Limitations & Future Work

  • The authors provide a multi-source generalization bound under conditional OT, linking alignment quality to target risk. However, whether theoretical assumptions (e.g., domain conditional distributions, prototype capacity \(K\)) hold under complex real-world shifts requires further empirical validation.
  • The training phase relies on ground truth heart rate signals to guide the transport plan, creating a dependency on label quality and the accuracy of the auxiliary HeadHR.
  • Experiments were conducted on four common rPPG datasets; specialized stress tests for extreme domains such as diverse skin tones, vigorous motion, or low light are limited.
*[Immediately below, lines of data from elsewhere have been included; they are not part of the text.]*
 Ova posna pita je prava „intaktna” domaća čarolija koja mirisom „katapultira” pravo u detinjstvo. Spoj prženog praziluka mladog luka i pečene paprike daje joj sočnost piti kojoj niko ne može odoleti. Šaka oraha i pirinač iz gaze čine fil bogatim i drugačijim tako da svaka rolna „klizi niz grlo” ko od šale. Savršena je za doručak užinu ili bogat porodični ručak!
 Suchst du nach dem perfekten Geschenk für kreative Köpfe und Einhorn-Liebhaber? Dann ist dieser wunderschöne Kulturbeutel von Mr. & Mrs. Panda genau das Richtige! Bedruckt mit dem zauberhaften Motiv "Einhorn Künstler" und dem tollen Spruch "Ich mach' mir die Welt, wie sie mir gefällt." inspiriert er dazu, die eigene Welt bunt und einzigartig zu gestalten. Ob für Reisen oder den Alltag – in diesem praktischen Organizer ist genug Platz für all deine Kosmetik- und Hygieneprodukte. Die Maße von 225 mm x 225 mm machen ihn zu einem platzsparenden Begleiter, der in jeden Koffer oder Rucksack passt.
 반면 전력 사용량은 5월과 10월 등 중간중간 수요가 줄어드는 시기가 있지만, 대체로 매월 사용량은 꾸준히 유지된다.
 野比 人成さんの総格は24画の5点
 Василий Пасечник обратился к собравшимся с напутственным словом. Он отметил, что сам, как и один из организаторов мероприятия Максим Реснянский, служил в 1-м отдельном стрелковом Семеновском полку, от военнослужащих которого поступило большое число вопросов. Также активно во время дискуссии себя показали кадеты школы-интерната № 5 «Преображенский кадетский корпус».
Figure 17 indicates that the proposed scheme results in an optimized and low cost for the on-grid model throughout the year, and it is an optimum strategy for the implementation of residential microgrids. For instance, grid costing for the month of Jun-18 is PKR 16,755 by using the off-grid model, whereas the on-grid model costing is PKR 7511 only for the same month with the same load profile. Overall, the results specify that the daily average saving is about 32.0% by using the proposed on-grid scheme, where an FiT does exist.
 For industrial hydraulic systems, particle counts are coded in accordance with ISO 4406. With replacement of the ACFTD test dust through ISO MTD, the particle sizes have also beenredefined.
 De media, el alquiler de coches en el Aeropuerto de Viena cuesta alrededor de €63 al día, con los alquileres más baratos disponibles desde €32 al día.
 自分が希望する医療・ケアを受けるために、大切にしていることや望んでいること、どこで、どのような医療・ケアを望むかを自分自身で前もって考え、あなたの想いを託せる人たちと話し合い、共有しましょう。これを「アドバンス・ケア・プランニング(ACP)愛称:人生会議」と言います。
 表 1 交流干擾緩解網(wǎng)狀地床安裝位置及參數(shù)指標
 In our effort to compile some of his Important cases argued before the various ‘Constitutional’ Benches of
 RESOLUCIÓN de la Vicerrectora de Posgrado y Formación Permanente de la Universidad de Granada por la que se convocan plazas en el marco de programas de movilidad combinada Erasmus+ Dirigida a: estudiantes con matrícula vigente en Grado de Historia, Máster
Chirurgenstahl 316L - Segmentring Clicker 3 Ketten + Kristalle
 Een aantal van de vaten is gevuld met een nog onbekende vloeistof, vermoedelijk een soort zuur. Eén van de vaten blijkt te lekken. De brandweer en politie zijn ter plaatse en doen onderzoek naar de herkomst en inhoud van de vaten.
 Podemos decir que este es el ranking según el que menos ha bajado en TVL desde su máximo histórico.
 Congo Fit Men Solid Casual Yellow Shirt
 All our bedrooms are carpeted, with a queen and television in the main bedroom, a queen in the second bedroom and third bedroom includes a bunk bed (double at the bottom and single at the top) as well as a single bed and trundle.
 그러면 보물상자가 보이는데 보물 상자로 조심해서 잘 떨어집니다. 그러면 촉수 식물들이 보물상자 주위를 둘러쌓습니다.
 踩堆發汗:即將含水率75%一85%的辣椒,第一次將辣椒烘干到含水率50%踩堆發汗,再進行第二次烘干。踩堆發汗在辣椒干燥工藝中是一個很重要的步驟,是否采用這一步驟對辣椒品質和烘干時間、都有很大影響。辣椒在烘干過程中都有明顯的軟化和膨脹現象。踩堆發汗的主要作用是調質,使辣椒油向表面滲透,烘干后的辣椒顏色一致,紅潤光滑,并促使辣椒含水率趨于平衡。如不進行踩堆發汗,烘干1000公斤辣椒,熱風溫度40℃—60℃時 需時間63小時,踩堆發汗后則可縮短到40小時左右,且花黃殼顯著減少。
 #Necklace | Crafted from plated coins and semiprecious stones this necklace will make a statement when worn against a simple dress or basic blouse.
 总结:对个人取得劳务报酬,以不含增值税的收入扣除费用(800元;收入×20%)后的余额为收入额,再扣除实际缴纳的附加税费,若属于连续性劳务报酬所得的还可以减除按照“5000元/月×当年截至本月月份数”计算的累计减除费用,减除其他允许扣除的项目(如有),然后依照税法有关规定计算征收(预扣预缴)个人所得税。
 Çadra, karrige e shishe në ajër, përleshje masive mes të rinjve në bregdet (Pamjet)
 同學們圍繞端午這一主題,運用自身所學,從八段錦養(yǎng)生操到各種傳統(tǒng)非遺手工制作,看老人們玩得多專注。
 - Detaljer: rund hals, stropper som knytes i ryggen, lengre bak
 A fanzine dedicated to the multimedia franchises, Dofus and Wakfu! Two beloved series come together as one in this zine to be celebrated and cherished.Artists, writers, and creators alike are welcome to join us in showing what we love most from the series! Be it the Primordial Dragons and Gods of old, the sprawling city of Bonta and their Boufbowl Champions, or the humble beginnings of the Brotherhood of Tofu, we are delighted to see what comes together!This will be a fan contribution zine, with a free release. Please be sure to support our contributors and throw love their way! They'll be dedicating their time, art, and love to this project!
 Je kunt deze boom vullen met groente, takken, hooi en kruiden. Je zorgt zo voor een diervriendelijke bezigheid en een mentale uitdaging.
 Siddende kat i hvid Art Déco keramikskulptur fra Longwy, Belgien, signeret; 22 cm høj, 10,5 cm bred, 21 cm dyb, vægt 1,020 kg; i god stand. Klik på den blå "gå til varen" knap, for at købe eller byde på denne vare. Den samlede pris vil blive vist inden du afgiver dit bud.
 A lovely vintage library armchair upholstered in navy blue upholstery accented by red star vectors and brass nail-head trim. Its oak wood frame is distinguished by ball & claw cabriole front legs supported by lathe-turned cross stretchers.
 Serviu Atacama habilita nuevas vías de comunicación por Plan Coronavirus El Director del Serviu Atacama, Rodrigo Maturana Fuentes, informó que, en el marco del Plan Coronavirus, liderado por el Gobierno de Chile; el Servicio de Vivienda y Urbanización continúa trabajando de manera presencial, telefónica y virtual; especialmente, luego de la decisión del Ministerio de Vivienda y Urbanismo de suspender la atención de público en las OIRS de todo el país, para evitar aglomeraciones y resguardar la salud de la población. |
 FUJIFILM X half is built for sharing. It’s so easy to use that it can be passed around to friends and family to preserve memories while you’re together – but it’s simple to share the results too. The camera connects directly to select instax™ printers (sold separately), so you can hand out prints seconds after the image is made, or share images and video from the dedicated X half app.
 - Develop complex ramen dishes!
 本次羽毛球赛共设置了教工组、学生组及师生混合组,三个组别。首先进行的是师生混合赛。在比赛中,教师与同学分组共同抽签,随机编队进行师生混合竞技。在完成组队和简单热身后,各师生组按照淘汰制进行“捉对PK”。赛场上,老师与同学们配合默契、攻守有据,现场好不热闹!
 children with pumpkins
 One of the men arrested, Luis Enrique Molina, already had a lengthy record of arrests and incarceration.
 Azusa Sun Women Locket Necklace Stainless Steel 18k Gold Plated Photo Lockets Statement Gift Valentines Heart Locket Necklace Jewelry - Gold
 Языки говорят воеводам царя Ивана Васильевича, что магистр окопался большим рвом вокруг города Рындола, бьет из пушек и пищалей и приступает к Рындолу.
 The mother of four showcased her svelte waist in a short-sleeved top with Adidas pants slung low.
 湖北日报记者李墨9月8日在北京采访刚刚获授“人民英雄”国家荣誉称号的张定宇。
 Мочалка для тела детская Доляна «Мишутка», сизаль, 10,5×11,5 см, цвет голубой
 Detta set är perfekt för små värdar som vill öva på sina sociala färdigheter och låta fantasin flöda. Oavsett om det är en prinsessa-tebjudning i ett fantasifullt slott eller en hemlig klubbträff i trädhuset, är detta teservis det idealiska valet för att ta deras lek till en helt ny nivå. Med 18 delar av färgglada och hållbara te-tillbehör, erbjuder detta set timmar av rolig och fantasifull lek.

Sensitivity analysis of hyper-parameters like \(K\), \(\lambda_{hr}\), and \(\varepsilon\) is limited in the main text.
  • Future directions: replacing ground truth guidance with self-supervised or weakly-supervised transport refinement to reduce label dependency, and introducing online updates or adaptive expansion for the prototype library.
  • vs. MMD / CORAL: While they align only first or second-order statistics of global distributions, FLOW utilizes step-by-step prototype OT warping and temporal refinement to preserve rhythms, showing more stability where statistical methods fail.
  • vs. STMap-based rPPG Generalization: Those works focus on data-level preprocessing and manual pipelines, whereas FLOW is a feature-level alignment for fully end-to-end, multi-source pipelines.
  • vs. Classic OT for Domain Adaptation/Generalization: FLOW is the first to apply OT alignment to end-to-end rPPG temporal regression tasks, introducing physiological anchors and debiased Sinkhorn divergence to suit rhythmic signals.

Rating

  • Novelty: ⭐⭐⭐⭐⭐ First feature-level OT domain generalization framework for end-to-end multi-source rPPG.
  • Experimental Thoroughness: ⭐⭐⭐⭐ Extensive benchmarks and backbones, though could use more stress tests on extreme domains.
  • Writing Quality: ⭐⭐⭐⭐ Clear mechanisms and formulas with a solid motivation.
  • Value: ⭐⭐⭐⭐ Lightweight, plug-and-play, and backbone-agnostic with direct value for real-world rPPG deployment.